The results of this study indicated that consumption of eel cookies and IFAS for 1 month could increase the mean hemoglobin levels of pregnant women by 1.69 g/dL, while in the control group, the increase was only 0.69 g/dL. Based on the statistical analysis, there was a significant difference in the protein intake as well. The higher protein intake in the intervention group could be the reason for the greater improvement in hemoglobin status. This was in accordance with the findings of Anwar et al.'s study, which revealed that pregnant women who received protein and iron-fortified crackers had a higher increase in hemoglobin levels than pregnant women who received only iron-fortified crackers [27]. The content of fish protein in the cookies, as well as beef protein according to Geissler and Singh, was able to improve the absorption of nonheme iron, resulting in increased hemoglobin levels [27, 28]. The protein content in eel cookies was higher than that in the usual fish protein crackers.

Eel cookies also had a high VA content, which is essential in the metabolism/absorption of iron. This result was in line with Hurell and Egli findings, which stated that simultaneous consumption of iron and VA was more effective in increasing hemoglobin levels than iron consumption alone [29]. A study by Muslimatun et al. also supported this results, which showed that the provision of VA and IFAS supplementation had a greater impact on increasing hemoglobin levels than IFAS supplementation alone [30]. According to Zimmerman et al., VA enhanced the absorption and/or metabolism of iron [25]. The iron level in the human body is regulated mainly by absorption, and there is no physiological mechanism for iron excretion.
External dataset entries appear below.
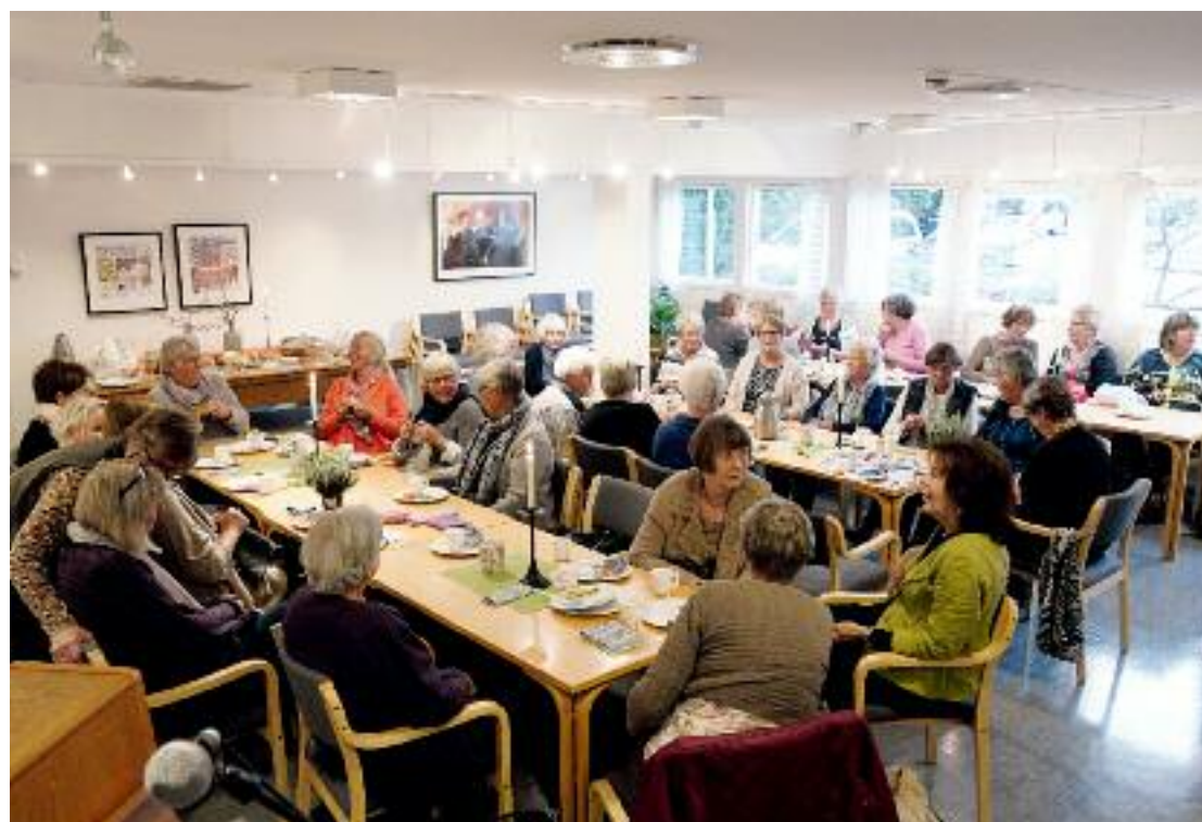
Strikkekaféen har ikke holdt på så mange år, men har på kort tid vokste i til en stor gruppe.
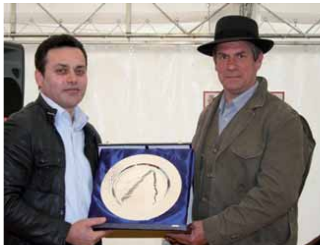
La premiazione della Tenuta di Castelporziano
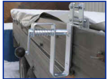
Clamps by clamps on platform gates with wall thickness till 35 mm
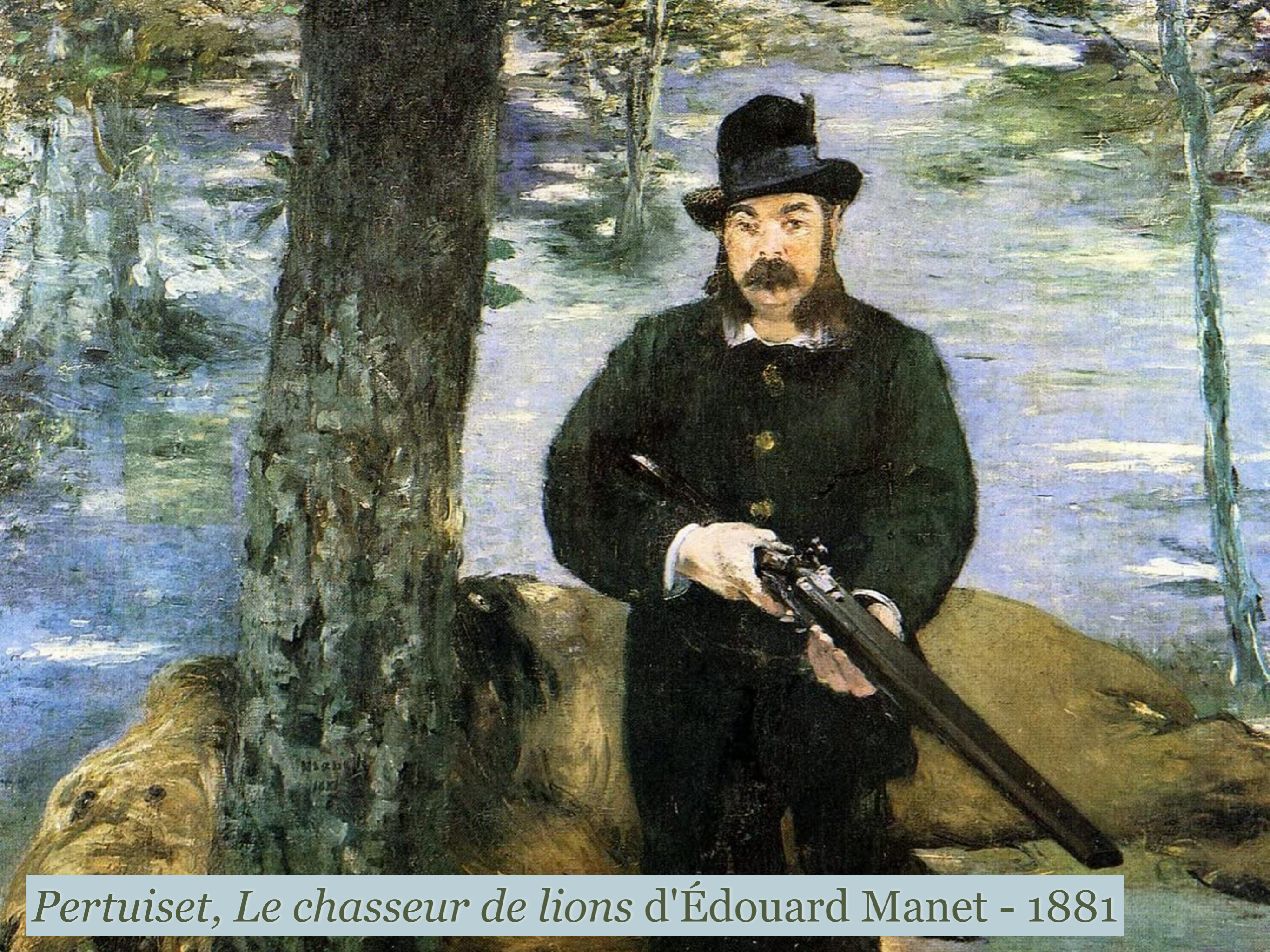
Pertuiset, Le chasseur de lions d'Édouard Manet - 1881

VA affects iron metabolism by promoting erythropoiesis and the release of iron from ferritin stores [31].

Heme iron is the most bioavailable form, with an absorption rate of approximately 11-22% compared to nonheme iron, with a rate of 1%-7% [32]. Animal food products are rich in protein, iron, iodine, zinc, and vitamin B12. Although red meat consumption could increase serum ferritin by 36% more than any other animal foods [33], its high cost makes it undesirable as a supplement, especially in developing countries. Hence, animal food supplements made from fish were preferable, such as locally available eel for pregnant women in Sukabumi District, to provide extra heme iron.

The compliance rate of IFAS consumption was similar in the two groups, while the compliance rate of cookie consumption in the intervention group was slightly higher than that in the control group (86% vs. 82%, respectively). However, roughly 18% of the respondents consumed only 4-5 pieces of cookies, which was less than half of the recommended portion. These results were different from the studies conducted on stunted children, in which the intervention group that received eel cookies showed a greater compliance rate than the control group. However, the IFAS consumption compliance in both groups was also similar, which was 92% [34].

This study had several limitations, including the small sample size because it was a pilot study. This study estimated only hemoglobin levels, not accompanied by ferritin tests. In the future, a cohort study with a large sample size is suggested to assess the foetal outcomes of this supplementation.

5. Conclusions

Eel cookie supplementation and IFAS consumption for 1 month could improve the hemoglobin status of pregnant women with anaemia. The intervention group had a greater increase in mean hemoglobin levels than the control group.